• _WHAT IS NEEDED_
From the listing below, reproduce exactly the lines starting with the one with "Akdeniz, Güneydoğu ve" and going on through the one with "- Features: Accent", both ends kept. No picture is copied.

[RECORDS PROVIDED Boundary: Start]

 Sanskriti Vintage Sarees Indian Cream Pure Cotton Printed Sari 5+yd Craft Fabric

[RECORDS PROVIDED Boundary: End]
[RECORDS PROVIDED Boundary: Start]

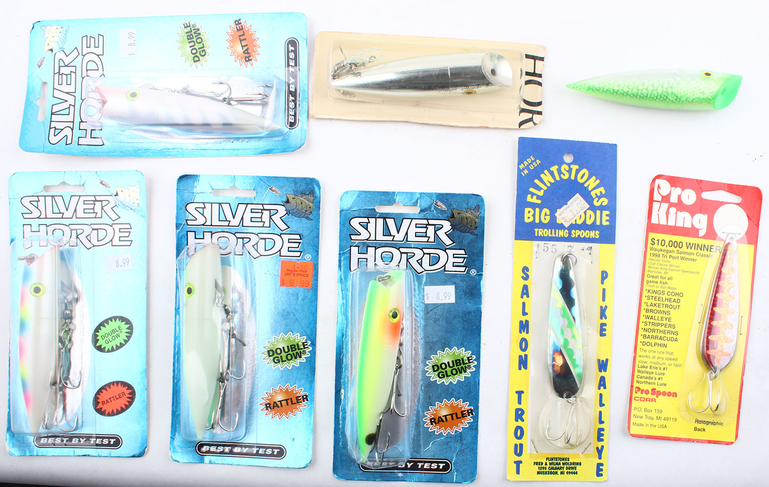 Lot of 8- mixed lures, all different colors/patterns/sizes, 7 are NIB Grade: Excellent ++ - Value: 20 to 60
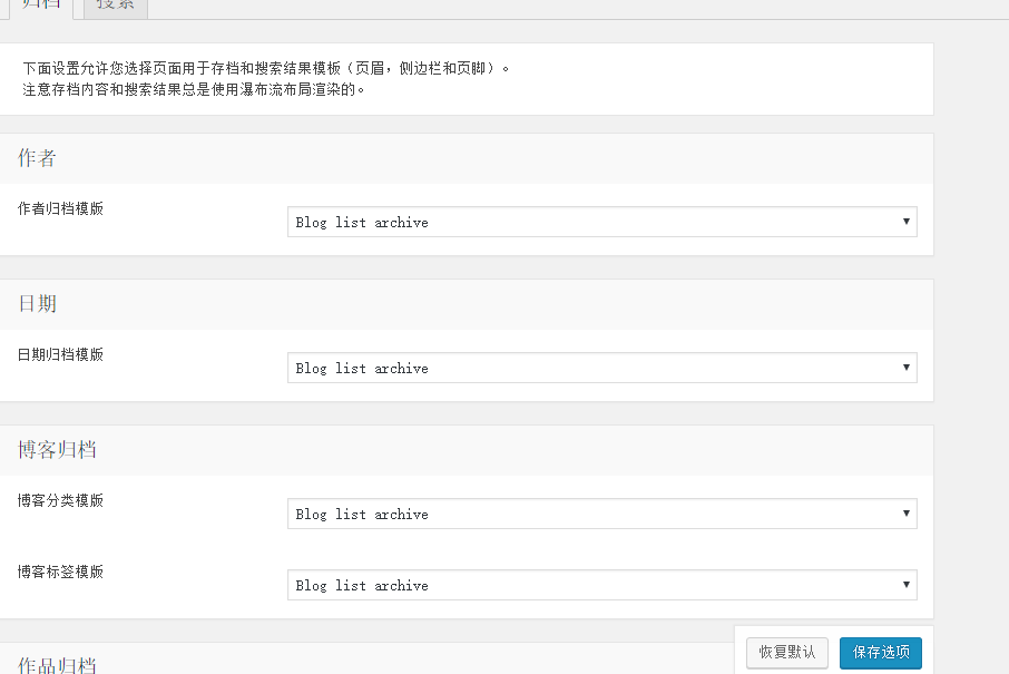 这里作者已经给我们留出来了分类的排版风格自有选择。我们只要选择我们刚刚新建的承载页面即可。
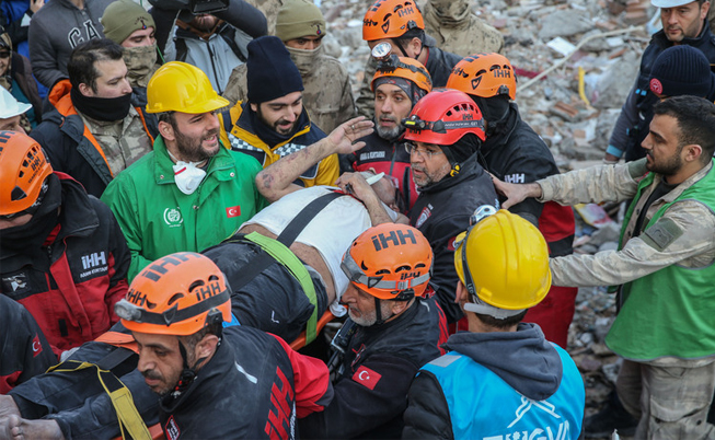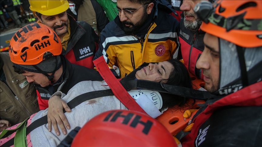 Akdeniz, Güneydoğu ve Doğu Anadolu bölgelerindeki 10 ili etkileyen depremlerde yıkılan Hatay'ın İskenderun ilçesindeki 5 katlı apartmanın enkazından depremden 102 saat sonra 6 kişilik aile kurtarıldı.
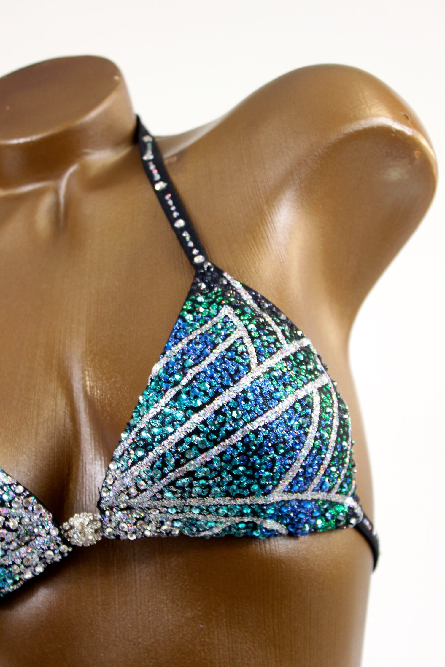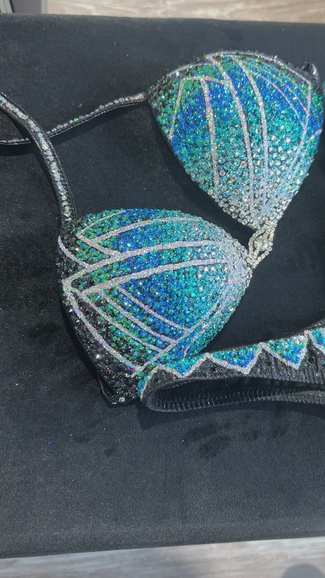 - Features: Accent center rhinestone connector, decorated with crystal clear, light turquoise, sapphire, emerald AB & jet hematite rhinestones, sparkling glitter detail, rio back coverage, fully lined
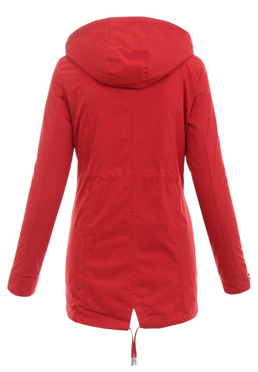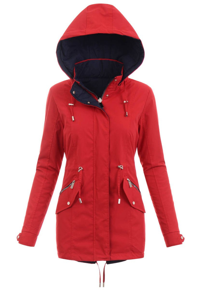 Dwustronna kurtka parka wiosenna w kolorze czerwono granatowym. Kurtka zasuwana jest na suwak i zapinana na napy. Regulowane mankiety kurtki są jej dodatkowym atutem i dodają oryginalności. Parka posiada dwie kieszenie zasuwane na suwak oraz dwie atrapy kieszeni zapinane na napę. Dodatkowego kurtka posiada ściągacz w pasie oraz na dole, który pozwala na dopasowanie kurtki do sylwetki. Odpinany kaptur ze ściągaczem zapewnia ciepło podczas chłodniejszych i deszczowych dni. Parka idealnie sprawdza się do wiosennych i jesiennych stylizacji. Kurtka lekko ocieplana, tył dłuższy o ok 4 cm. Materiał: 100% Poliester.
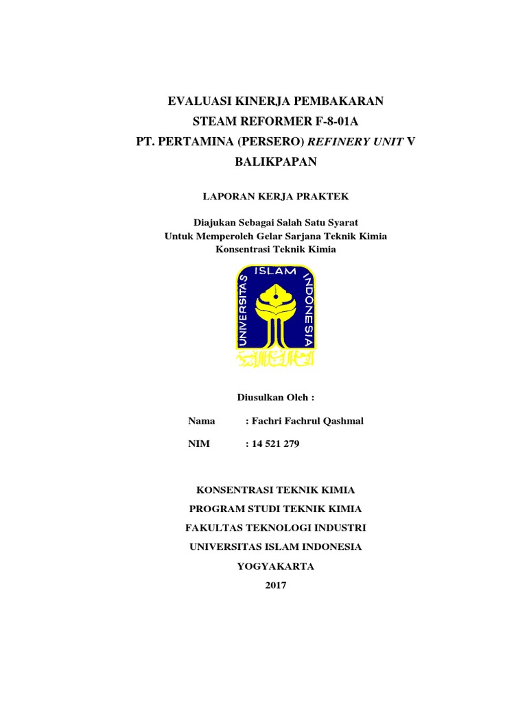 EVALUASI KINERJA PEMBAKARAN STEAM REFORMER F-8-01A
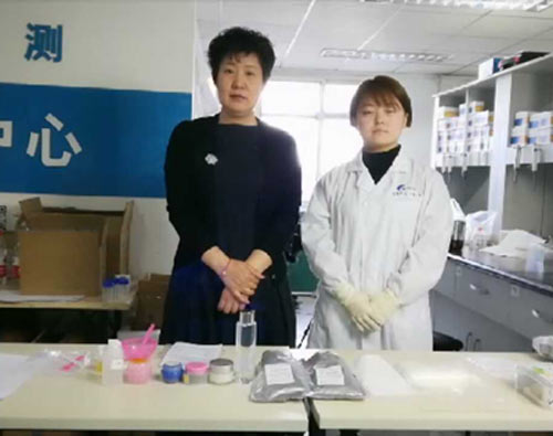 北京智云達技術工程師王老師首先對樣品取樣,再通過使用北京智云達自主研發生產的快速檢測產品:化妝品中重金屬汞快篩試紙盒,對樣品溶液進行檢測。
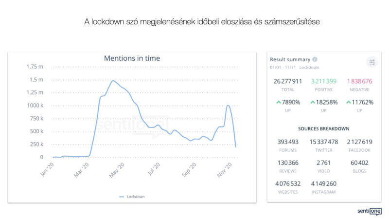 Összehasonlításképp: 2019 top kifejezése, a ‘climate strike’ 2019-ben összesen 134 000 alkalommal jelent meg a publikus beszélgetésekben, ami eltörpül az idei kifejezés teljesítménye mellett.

[RECORDS PROVIDED Boundary: End]

• _RESULT_
 Akdeniz, Güneydoğu ve Doğu Anadolu bölgelerindeki 10 ili etkileyen depremlerde yıkılan Hatay'ın İskenderun ilçesindeki 5 katlı apartmanın enkazından depremden 102 saat sonra 6 kişilik aile kurtarıldı.
 - Features: Accent center rhinestone connector, decorated with crystal clear, light turquoise, sapphire, emerald AB & jet hematite rhinestones, sparkling glitter detail, rio back coverage, fully lined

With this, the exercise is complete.